TraumaCurrent Teams: Memphis – Eight trauma surgeons and team members treat 4,500 cases annually; Knoxville – Six trauma surgeons and team members treat 3,700 cases each year; Chattanooga – Five trauma surgeons and team members treat 2,800 patients a year.

Core Strength: Teamwork that brings patients back from the brink on a regular basis.

Life-Saving Assets: The state of Tennessee, using criteria developed by the American College of Surgeons Committee on Trauma (ACSCOT), designated all three UTHSC facilities as Level 1 Trauma Centers. The ACSCOT determines the criteria that separate a Level 1 Trauma Center from the typical hospital ER or a lower level trauma unit. All three UTHSC Trauma Centers include:

  • Surgical capability 24/7/365 – A typical trauma team includes a general surgeon, neurosurgeon, orthopedic surgeon, radiologist, anesthesiologist, and trauma nurses.
  • Clinical research conducted and published.
  • Medical education offered.
  • Public education promoted.

Adult-CancerAdult Cancer

Program: Adult Cancer

Position: The Center for Cancer Research (CCR) is the Mid-South’s only adult cancer research facility.

UT Cancer Institute (UTCI) is a partnership between UTHSC and Boston-Baskin Cancer Group that combines research and teaching capabilities with patient care from the Mid-South’s largest cancer physicians group.
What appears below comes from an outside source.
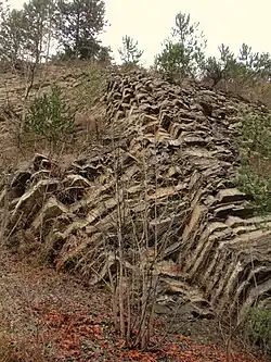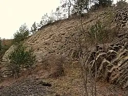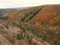 Pohled na skalní výchozy NPP Černé rokle z protějšího svahu

Leaders: Lawrence M. Pfeffer, PhD, director, Center for Cancer Research, Muirhead Professor and vice-chair, Department of Pathology; Furhan Yunus, MD, chief medical officer, UT Cancer Institute, and interim chief, Division of Hematology and Oncology; and Guy Reed, MD, Diggs Alumni Professor and chair of the Department of Medicine

Vision: To develop a premier, patient-centered cancer center that provides integrated, cutting-edge care, and to foster research to improve cancer treatment and prevention.

Founded: CCR – 2005; Dr. Pfeffer was charged to bring together well-funded investigators from the various colleges with a general interest in cancer research to discuss being housed in the Cancer Research Building, which opened in 2007

UTCI – 2001; Partnership organized to develop a clinical infrastructure and a critical mass of clinical faculty to establish a regional comprehensive clinical cancer center.
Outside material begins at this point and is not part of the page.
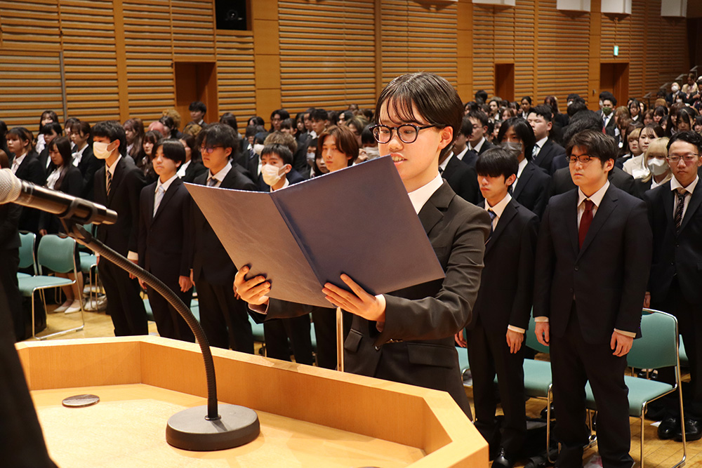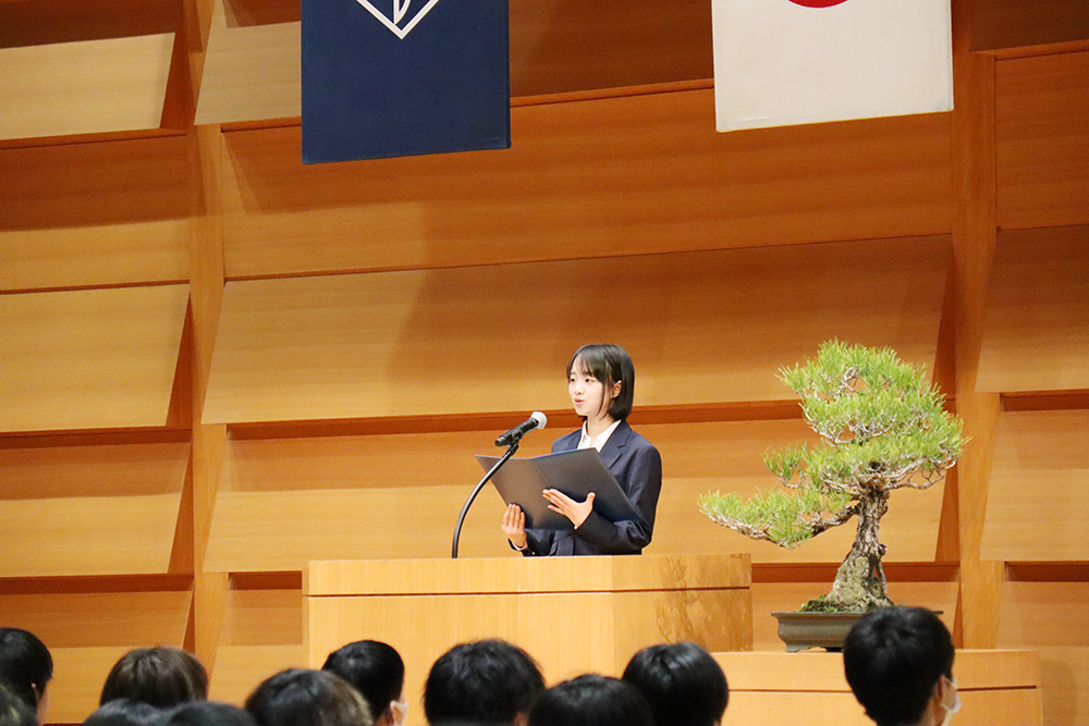 そして新入生代表による「誓いの言葉」では、これから始まる新しい生活への決意が力強く語られ、会場は清々しい緊張感に包まれました。

Current Teams: CCR –15 principal investigators from medicine, dentistry and pharmacy, and some 50 other scientists

UTCI – Nearly 200 employees in 10 locations throughout Tennessee, Arkansas and Mississippi

Core Strength: CCR – “Our multidisciplinary research approach and a general openness to share resources, expertise and knowledge with others. This general philosophy of group science fits well with the modular concept of the building that has [32] laboratories without walls, which breaks down the barriers between investigators.” – Dr. Pfeffer

UTCI – Sees 60,000 patients per year with 3,000 being new. Has six multidisciplinary teams [malignant hematology, thoracic, breast, gentourinary, head and neck, and gastrointestinal oncology], providing clinical cancer care while conducting disease-specific cancer research. Conducts 40 open cancer clinical trials at any given time and trains 12 fellows annually to excel in research and patient care.
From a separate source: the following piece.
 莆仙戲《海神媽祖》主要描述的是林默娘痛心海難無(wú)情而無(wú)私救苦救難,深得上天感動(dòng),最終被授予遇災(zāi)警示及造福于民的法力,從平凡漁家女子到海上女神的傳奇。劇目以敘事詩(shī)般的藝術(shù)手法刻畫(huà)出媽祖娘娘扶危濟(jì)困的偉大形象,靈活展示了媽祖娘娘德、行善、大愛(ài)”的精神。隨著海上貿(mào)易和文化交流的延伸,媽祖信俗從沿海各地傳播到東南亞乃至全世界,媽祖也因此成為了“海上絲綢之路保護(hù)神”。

In conjunction with St. Jude Children’s Research Hospital, UTCI is a member of the National Comprehensive Cancer Network (NCCN), a not-for-profit alliance of 21 of the world’s leading cancer centers. NCCN develops clinical practice guides for the treatment of cancer; its guidelines are the world’s standard for providing cancer care.

FUTURE Plans: CCR – Recently formed specific working groups in skin, oral, brain, breast and urological cancer, as well as in experimental therapeutics to facilitate establishment of a successful cancer center. The short-term goal of these groups is to encourage interactions between basic and clinical investigators in order to enhance translational research. Some of the drugs and molecular diagnostic and prognostic tests that are presently in the laboratory stage may be brought into the clinical setting.

UTCI – Short-term goal is to develop a regional comprehensive cancer institute. Obtaining National Cancer Institute (NCI) designation as a comprehensive cancer center remains the long-term goal.